The problem, according to entrepreneurs Nancy Madrid and Atima Lui, has been fashion’s limited range in the color nude, reports Meg Oliver of CBS News’ digital network, CBSN.
“We are the first to tackle this problem for fashion,” Madrid said.
“When you were growing up, what did the color nude mean to you?” Oliver asked.
“It definitely meant beige. I have a lot of stories of wearing beige, nude hosiery and just having ashy legs,” Lui said.
The children of Sudanese and Mexican immigrants bonded over the lack of choices in everything from lingerie and nylons, to makeup.
“We were talking about needing flesh tone products and there just being this huge gap. And so it came out of this desire to do something good for the world,” Lui said.
On a mission to change the standard of beauty for women around the globe, they launched their company, “Nudest,” last July, just months out of school.
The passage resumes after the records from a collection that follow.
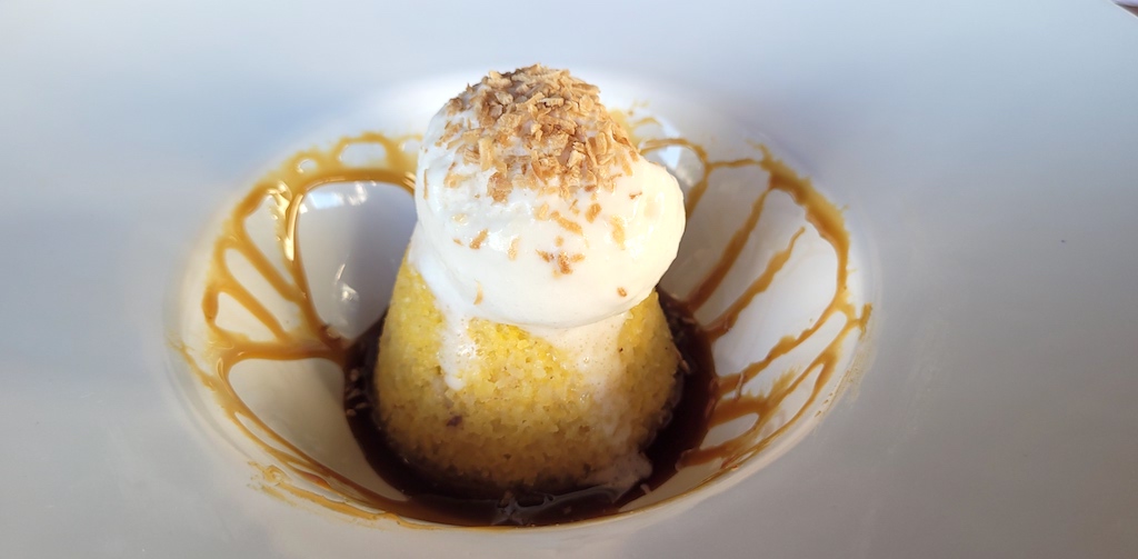 Petit maceió, uma versão nordestina do bolo de milho, com sorvete de tapioca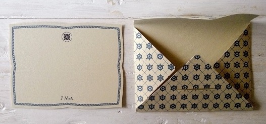 Una realizzazione di raffinata cartoleria artigianale con carta “Nettuno Fedrigoni” colorata in pasta e marcata a feltro su entrambi i lati.
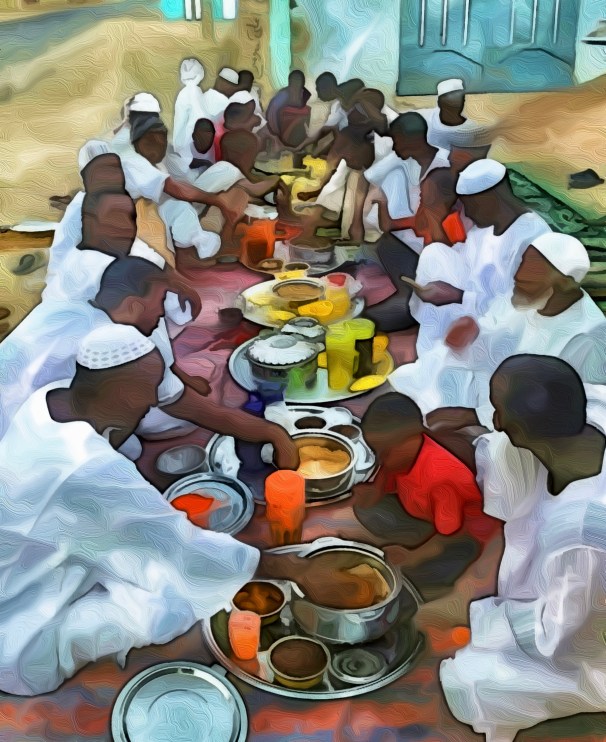 There is a story that once during the fast of Ramadan, guests came to a village. As sunset approached, people prepared to break the fast together in front of their houses as is the custom. The sheikh quickly went to the nearest house with the guests. That house was simple and its inhabitants were poor. From that house, a young boy brought a jug with many cups and only one dish on a tray. He distributed cups of water with great passion to the guests and made them feel welcome. The person telling the story said that he had been ill for a long time with a stomach ailment and had received medication in Khartoum and had even been to Jordan for treatment. God had certainly wanted him to be at that iftar feast. When the boy brought the drink it was hilo murr, a fermented grain drink without sugar, and the kisra had only water, onions, salt and oil to eat with it and no sauce. The man said, ” As we were eating, I thought about the poor circumstances of that family and out of compassion for them, decided not to eat dishes brought to the iftar by other villagers.” Later he said, “I only ate that dish and not a single other thing that day. Praise be to God, from that moment on my stomach is well and it never felt poorly again after that.” Indeed, giving from the depth of one’s heart is a blessing with its own wonders.”

“You can come to our site, try our nudemeter. We digitize your skin tone and we match you with products that best matches your skin tone,” Madrid said.
They say their nudemeter is the first of its kind.
“Yes so it’s a proprietary algorithm. Between the two of us, we were scanning people’s skin and looking at different products versus skin tone, and coming up with what were the different variables that we need to measure to match product to skin tone,” Lui said.
Oliver gave the nudemeter a shot. It starts by taking a picture of your hand on a white sheet of paper.
“So then you select your skin tone, you self-select an area,” Madrid explained. “And then you shop your skin tone. And now you have this number seven – that’s your ‘nude.’”
Once you know your nude, the site curates a selection of lingerie, shapewear and hosiery to match. They’ve partnered with 11 companies that offer products in a wide variety of skin tones.
“Are you actually matching people’s skin tone with products or are you offering products that are close enough?” Oliver asked.
“We do offer products that are close enough because there is still a gap in the market for nude products,” Madrid said.
We examined that gap when we went to the websites of 10 major retailers. We found few options for women of color.
“The current definition of nude, the beige tones, do not match 84 percent of the global population,” Lui said. “So the opportunity is big to fix this.”
Julee Wilson, the fashion and beauty editor for Essence magazine, said expanding the definition of nude isn’t just a trend.
“I think it’s a movement,” Wilson said. “And everyone is talking about it right now but I feel like trends are fleeting and I don’t want this to be a fleeting thing.”
Consumers are talking about it on social media and fleshing out their concerns with hashtags like #redefinenude and #notmynude.
“I think social media is really the reason why this has all happened,” Wilson said. “It’s really kind of energized people to be more vocal about what they want.”
“Companies are being called out?” Oliver asked.
“Yes. Yeah, a lot,” Wilson said.
As more companies answer the call with more skin tone options, Lui and Madrid plan to expand as well.
“Nancy and I talk about launching footwear, which we call the most coveted nude item. Right now, if you go to Google and search ‘nude shoes,’ you are not going to find anything that matches my skin tone,” Lui said. “And our customers keep asking, ‘When is footwear coming?’”
“Shoes,” Oliver said.
“Women love shoes!” Lui said, laughing.
The nudemeter isn’t perfect just yet – the ladies are constantly refining the product to work out some kinks. But Madrid and Lui are already working on those expansion plans, and that means moving out of Nancy’s apartment into new office space, and even hiring some employees.